I've always, for some whimsical reason, liked to imagine hedge funds as rustic financial institutions based at the edge of fields. Etymologically I am, of course, right. And it's all down to the poet
John Donne.
Once upon a time there were hedges. Bushy things at the end of your garden and the like. Then came the verb
to hedge, which meant
to enclose within a hedge. So you could, for example, hedge in your garden.
Then, in the early seventeenth century John Donne promised a chap called Sir Henry Goodere that he would send him a letter in verse. He didn't get round to it, and to make matters worse Goodere wrote him one, which meant that Donne really owed him.

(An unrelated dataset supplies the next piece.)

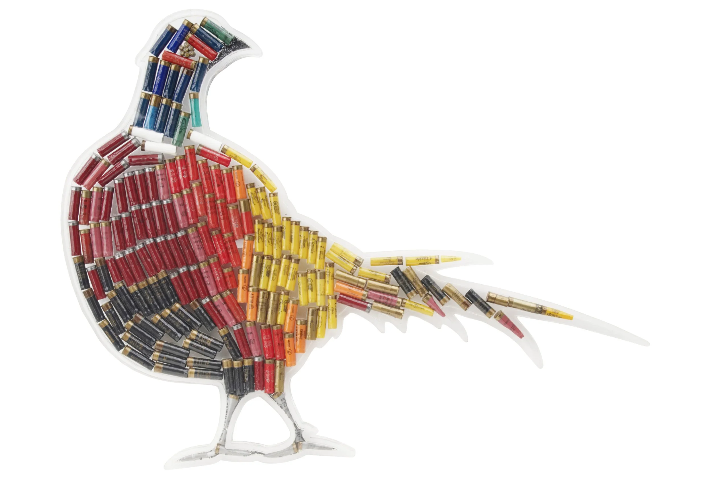Fighting Pheasant (On the Ground) - Empty shotgun cartridges, shotgun pellets and acrylic in resin on perspex. 125 x 67cm. Fighting Pheasant (In the Air) - Empty shotgun cartridges, shotgun pellets and acrylic in resin on perspex. 126 x 73cm.
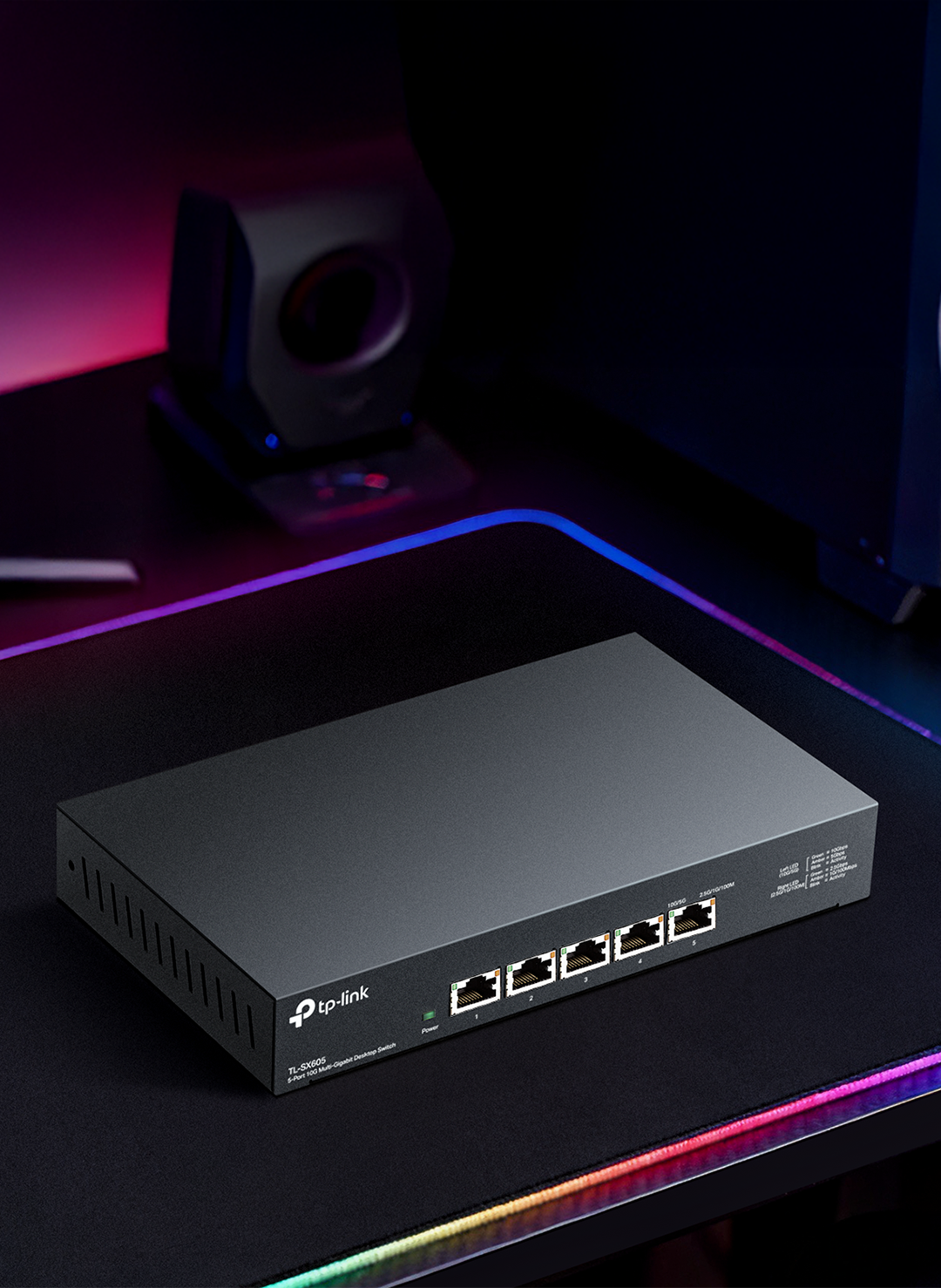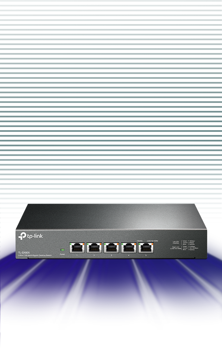 「TL-SX605」は、10Gポートを5つ搭載したアンマネージスイッチです。最大100Gbpsのスイッチング容量を備え、5スピード(100Mbps/1G/2.5G/5G/10G)対応のAuto-Negotiation機能でリンク速度を自動検知。10G NAS・10Gサーバー・ワークステーション・ゲーミングPC・2.5G/5G/10G Wi-Fi 7 AP・8K動画・デスクトップ等、あらゆるデバイスで最適なパフォーマンスを発揮します。

Or, as Donne put it in an
apologetic letter:
I owed you a Letter in verse before by mine own promise, and now that you think that you have hedged in that debt by a greater by your Letter in verse, I think it now most seasonable and fashionable for me to break.
That's the first recorded usage of the phrase
hedge in meaning
to secure a bad debt by making it part of a larger one for which better security has been obtained. Although this was the first common financial use of hedging.
From that sense of making your debts safe, came the idea of hedging in your bets by betting on more than one horse which pops up in 1672. From there you get the idea of finding two near-identical things at different prices, buying the cheaper and shorting the dearer. And thus the hedge fund.
None of which has anything to do with the old slang term of
hedge-whore, which denoted a kind of wandering prostitute, not attached to any brothel, who therefore bestowed her favours "on the wayside, under a hedge".
Someday, I'm going to write a poem in a letter.